The most common consequence is suspension or cancellation of My Health Record system registration. The Act also provides for civil penalties, and unauthorised access by a worker (which is more likely without a clear policy) can attract criminal penalties of up to 2 years' imprisonment under sections 59 to 62 of the Act. Practices undergoing accreditation may also fail evidence requirements under RACGP criterion C6.4.
How often does the policy need to be reviewed?
The Australian Digital Health Agency expects the policy to be reviewed at least every two years, and immediately whenever there is a material change — a new clinical software system, a change to the legislation or rule, a breach, or a change of Responsible Officer. The template includes a built-in review schedule.
Does this policy replace our broader privacy policy?
No. The Rule 42 policy is specific to the My Health Record system. You still need a general Privacy Policy covering the Australian Privacy Principles (APPs) and a Computer and Information Security Policy. The three documents reference each other and form your overall information governance set. ClinicComply provides templates for all three.
Is this policy enough on its own to comply with Rule 42?
The policy is the cornerstone, but Rule 42(2)(a) also requires a training procedure for authorised users. Most practices pair this Security and Access Policy with the Staff Training and Awareness Procedure (downloadable separately) so the training, knowledge check and refresher cadence are documented as well.
Can a sole-trader GP use this template?
Yes.
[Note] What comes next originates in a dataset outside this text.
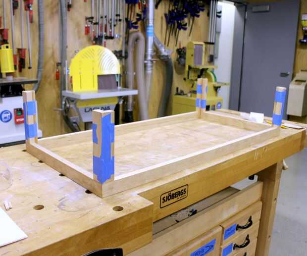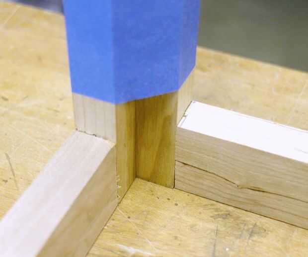 Tirón encima y deslice los montantes de esquina en su lugar. (Esto puede hacerse cuando los montantes están secando si usted ha grabado los suficientemente apretada.)

The Australian Digital Health Agency's own sole-trader guidance is built on the same Rule 42 framework — only the scale of the safeguards changes. A solo practitioner is both the Responsible Officer and the only authorised user, so several sections collapse to single-person responsibilities, but every Rule 42 topic still has to be covered. This template is structured so you can simply remove sections that do not apply (e.g., reviews of multiple users) and keep the rest.